Data listing: Begin
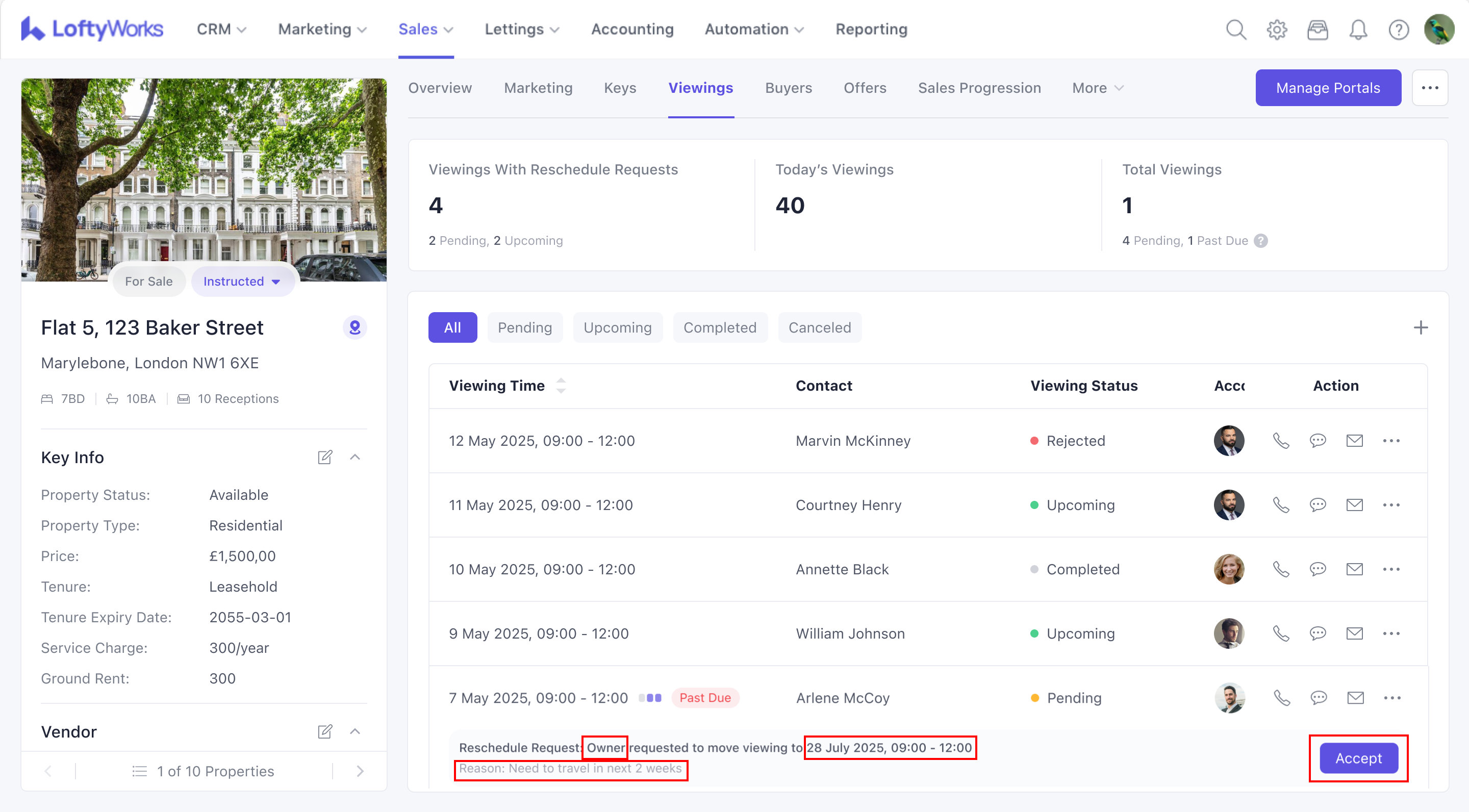 Viewings with Reschedule Requests : Displays the number of viewings that currently have reschedule request.
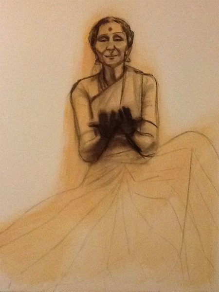 Balasaraswati (1918 - 1984) Sketch & text: Ashwini Kaarthikeyan e-mail: ashwinikaarthikeyan@gmail.com April 17, 2013 ![]() In reading the biography 'Balasaraswati: Her Art and Life by Douglas M. Knight,' I learnt that official documents are able to trace back eight generations of the family history of this legendary dancer. Today, I feel consumed by the depth of devotion and reverence towards the classical arts in Balasaraswati's rich maternal lineage and their hereditary tradition. A few days ago, as a student of this classical dance form, I found myself aching for Balasaraswati's blessings. On the night of 13th of April, as I listened to a classical composition in praise of the Devi - Mother Goddess, my intense longing was transformed into a portrait in charcoal of Balasaraswati, on a 5' x 4' canvas. Ashwini Kaarthikeyan is a poet, artist and Bharatanatyam dancer. facebook.com/ashwinipawarkaarthikeyan / www.artisdates.com Post your comments Please provide your name and email id when you use the Anonymous profile in the blog to post a comment. All appropriate comments posted with name & email id in the blog will also be featured in the site. |
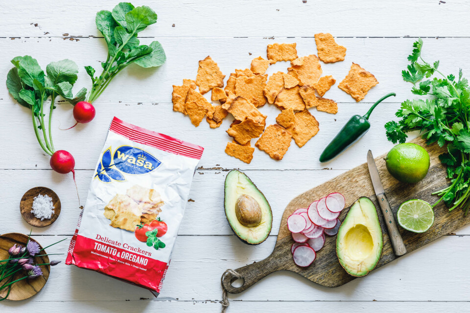 - 160 g Cracker z. B. WASA Delicate Crackers Tomate & Oregano
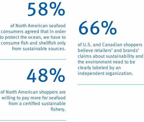 Recent research2 shows canned/pouched fish consumers are more concerned about the health of the oceans than the average seafood consumer. Eighty-seven percent of canned seafood consumers want better information so they can be confident they're not buying unsustainable fish or seafood products, and two thirds of canned seafood consumers are demanding independent labeling of environmental claims.
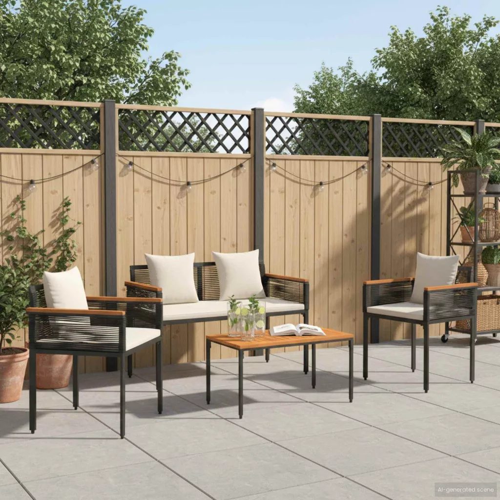vidaXL Kültéri Bútor Szett 4 pcs Fekete és krémfehér PE Rattan
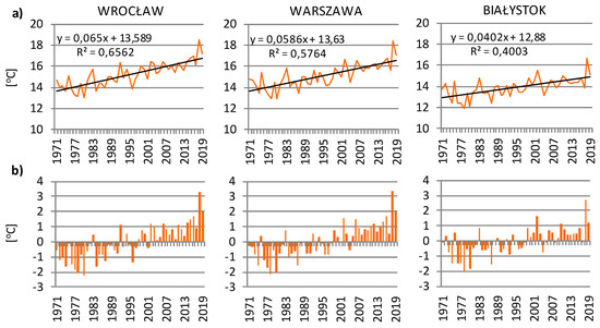 Mean air temperature during the vegetative period (April–September) in the period 1971–2019 with the trend (a) and deviation from the multiannual values 1981–2010 (b) in selected stations in Poland: Wrocław, Warszawa and Białystok.
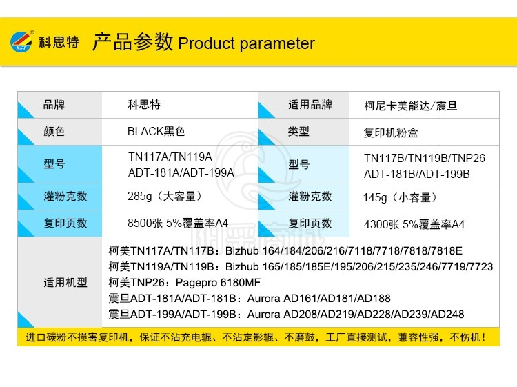 适用机型:Bizhub 164/184/7718/7818/7118/216/206//Minolta185/ 195/ 215/ 235/ 226/206/246/7223/7719/7723/B7121i/TN120
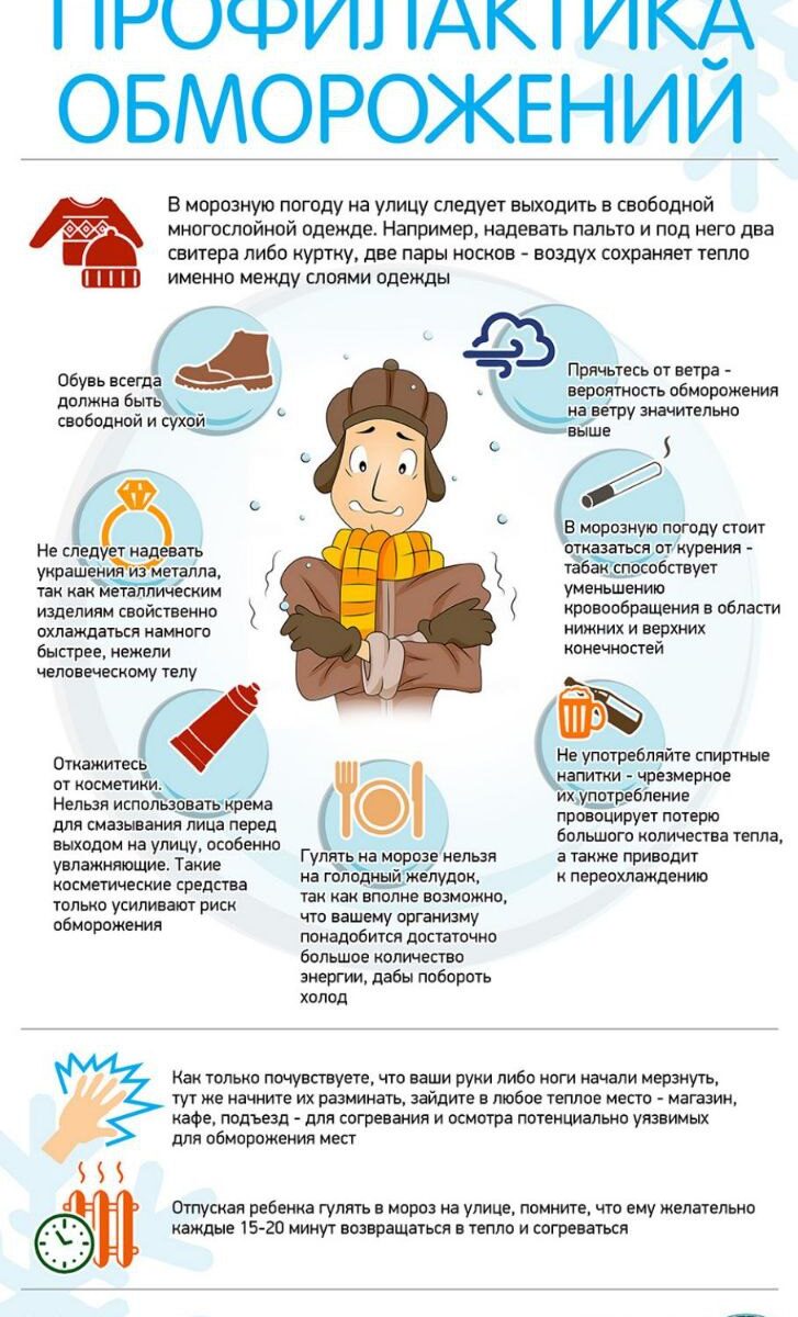 Как правило, ниже −8 градусов. Но! Обморожение может наступить не столько из-за низкой температуры, сколько из-за сильного ветра, мокрой и тесной одежды и обуви. Иногда даже при плюсовой температуре ребенок может отморозить пальцы, например. Дети заигрываются, потеют. Шапка сползает, варежки, обувь и одежда промокают — это и способствует охлаждению. Чаще всего страдают щеки, уши, пальцы рук и ног.
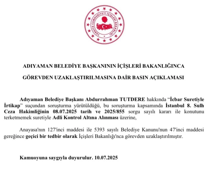 İçişleri Bakanlığı, Adıyaman Belediye Başkanı Abdurrahman Tutdere’nin konutu terk etmeme adli kontrol kararı nedeniyle geçici tedbirle görevden uzaklaştırıldığını duyurdu.
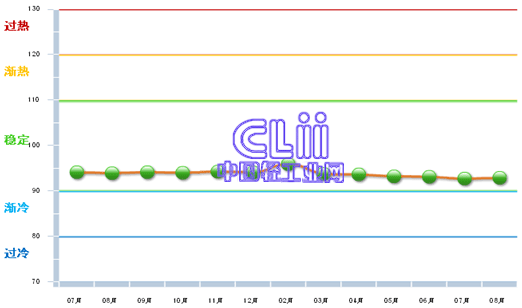 图1 2012年7月~2013年8月家具行业主营业务收入景气指数变化态势
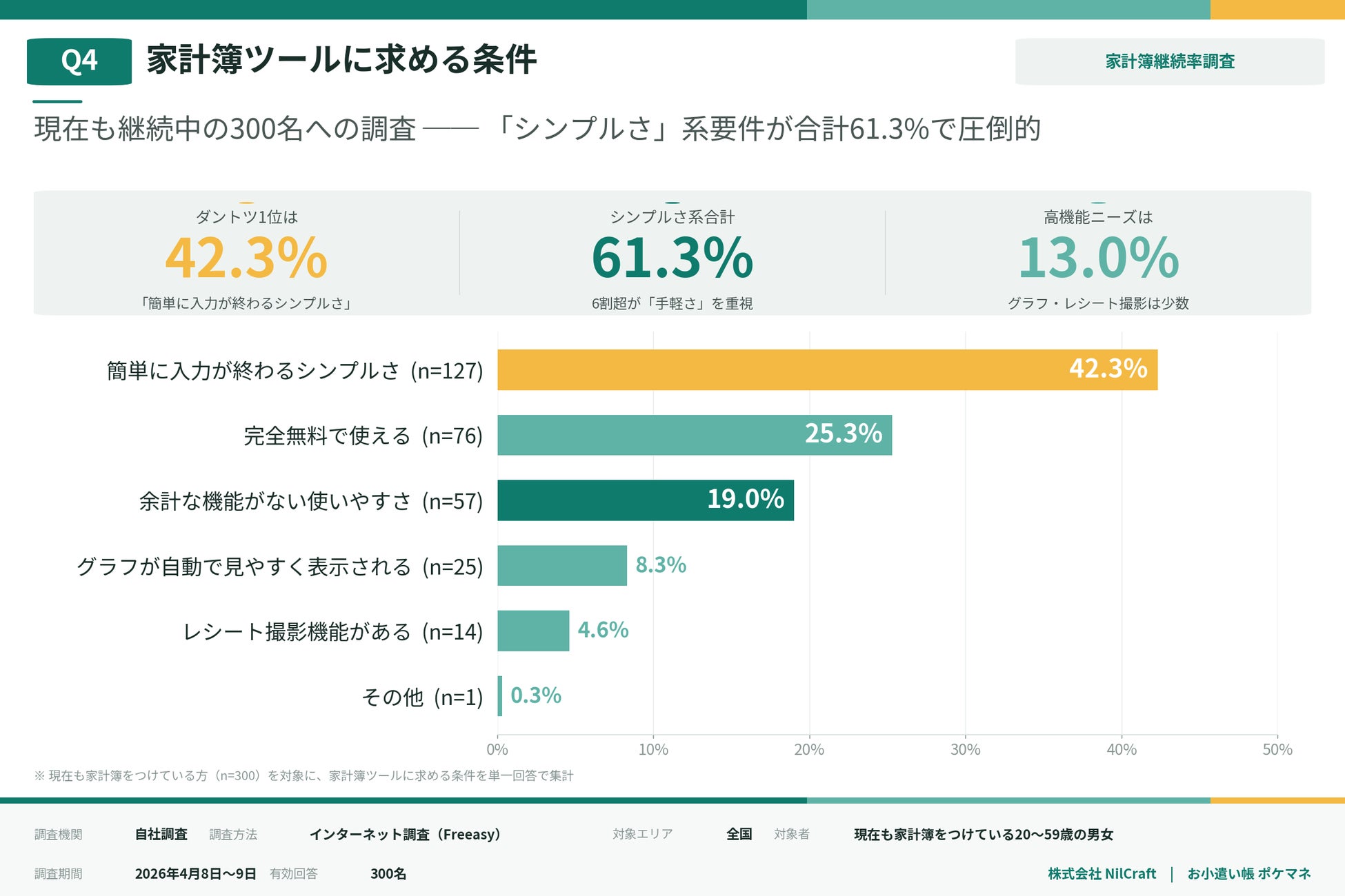 最も多く選ばれた条件は「簡単に入力が終わるシンプルさ」で42.3%(127名)となり、2位以下を大きく引き離す結果となりました。続いて「完全無料で使える」が25.3%(76名)、「余計な機能がない使いやすさ」が19.0%(57名)、「グラフが自動で見やすく表示される」が8.3%(25名)、「レシート撮影機能がある」が4.6%(14名)となっています。
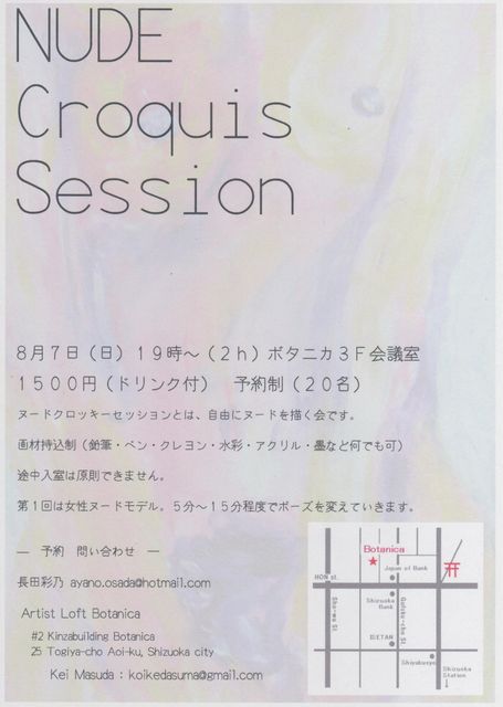 管理人さん告知失礼します。 静岡でヌードクロッキー会を発足しました。 第1回は、8月7日(日)19時より 参加費1500円 先着20名です。 詳細はこちらをごらんください。 http://blog.livedoor.jp/ayano0921/archives/51732789.html 誰でも、自由にヌードを描けるをコンセプトに 絵描きさんだけでなく、他の分野の人も、 自由にとらわれずに描ける会です。 それぞれが、個々にヌードを向き合ってもらえたらと思います。 予約制になっております。 申し込み・問い合わせ ayano.osada@hotmail.com 又はミクシーメッ
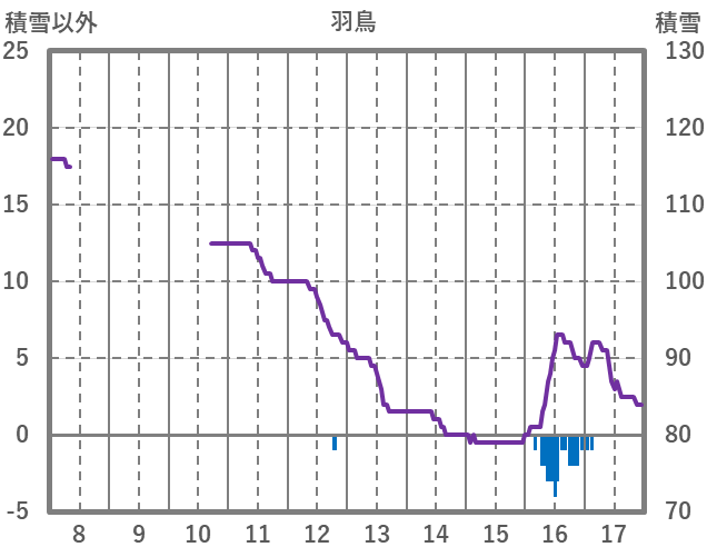 | 日 | 時 | 気温 | 降水 | 風向/風速 | 日照 | 積雪 | 降雪 |
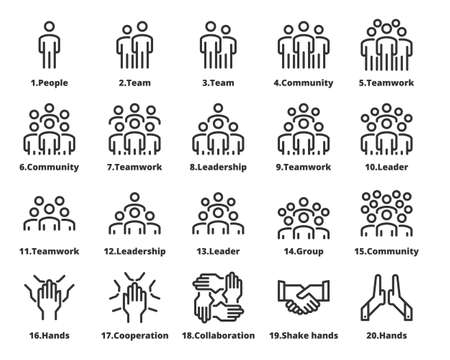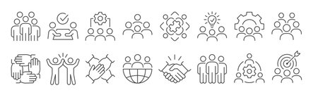 Team icons, such as people, group, employees, community, and more. Editable stroke.
Data listing: End
Return the whole listing, word for word, and leave out every picture.

● **Task output**:
 Viewings with Reschedule Requests : Displays the number of viewings that currently have reschedule request.
 Balasaraswati (1918 - 1984) Sketch & text: Ashwini Kaarthikeyan e-mail: ashwinikaarthikeyan@gmail.com April 17, 2013 ![]() In reading the biography 'Balasaraswati: Her Art and Life by Douglas M. Knight,' I learnt that official documents are able to trace back eight generations of the family history of this legendary dancer. Today, I feel consumed by the depth of devotion and reverence towards the classical arts in Balasaraswati's rich maternal lineage and their hereditary tradition. A few days ago, as a student of this classical dance form, I found myself aching for Balasaraswati's blessings. On the night of 13th of April, as I listened to a classical composition in praise of the Devi - Mother Goddess, my intense longing was transformed into a portrait in charcoal of Balasaraswati, on a 5' x 4' canvas. Ashwini Kaarthikeyan is a poet, artist and Bharatanatyam dancer. facebook.com/ashwinipawarkaarthikeyan / www.artisdates.com Post your comments Please provide your name and email id when you use the Anonymous profile in the blog to post a comment. All appropriate comments posted with name & email id in the blog will also be featured in the site. |
 - 160 g Cracker z. B. WASA Delicate Crackers Tomate & Oregano
 Recent research2 shows canned/pouched fish consumers are more concerned about the health of the oceans than the average seafood consumer. Eighty-seven percent of canned seafood consumers want better information so they can be confident they're not buying unsustainable fish or seafood products, and two thirds of canned seafood consumers are demanding independent labeling of environmental claims.
vidaXL Kültéri Bútor Szett 4 pcs Fekete és krémfehér PE Rattan
 Mean air temperature during the vegetative period (April–September) in the period 1971–2019 with the trend (a) and deviation from the multiannual values 1981–2010 (b) in selected stations in Poland: Wrocław, Warszawa and Białystok.
 适用机型:Bizhub 164/184/7718/7818/7118/216/206//Minolta185/ 195/ 215/ 235/ 226/206/246/7223/7719/7723/B7121i/TN120
 Как правило, ниже −8 градусов. Но! Обморожение может наступить не столько из-за низкой температуры, сколько из-за сильного ветра, мокрой и тесной одежды и обуви. Иногда даже при плюсовой температуре ребенок может отморозить пальцы, например. Дети заигрываются, потеют. Шапка сползает, варежки, обувь и одежда промокают — это и способствует охлаждению. Чаще всего страдают щеки, уши, пальцы рук и ног.
 İçişleri Bakanlığı, Adıyaman Belediye Başkanı Abdurrahman Tutdere’nin konutu terk etmeme adli kontrol kararı nedeniyle geçici tedbirle görevden uzaklaştırıldığını duyurdu.
 图1 2012年7月~2013年8月家具行业主营业务收入景气指数变化态势
 最も多く選ばれた条件は「簡単に入力が終わるシンプルさ」で42.3%(127名)となり、2位以下を大きく引き離す結果となりました。続いて「完全無料で使える」が25.3%(76名)、「余計な機能がない使いやすさ」が19.0%(57名)、「グラフが自動で見やすく表示される」が8.3%(25名)、「レシート撮影機能がある」が4.6%(14名)となっています。
 管理人さん告知失礼します。 静岡でヌードクロッキー会を発足しました。 第1回は、8月7日(日)19時より 参加費1500円 先着20名です。 詳細はこちらをごらんください。 http://blog.livedoor.jp/ayano0921/archives/51732789.html 誰でも、自由にヌードを描けるをコンセプトに 絵描きさんだけでなく、他の分野の人も、 自由にとらわれずに描ける会です。 それぞれが、個々にヌードを向き合ってもらえたらと思います。 予約制になっております。 申し込み・問い合わせ ayano.osada@hotmail.com 又はミクシーメッ
 | 日 | 時 | 気温 | 降水 | 風向/風速 | 日照 | 積雪 | 降雪 |
 Team icons, such as people, group, employees, community, and more. Editable stroke.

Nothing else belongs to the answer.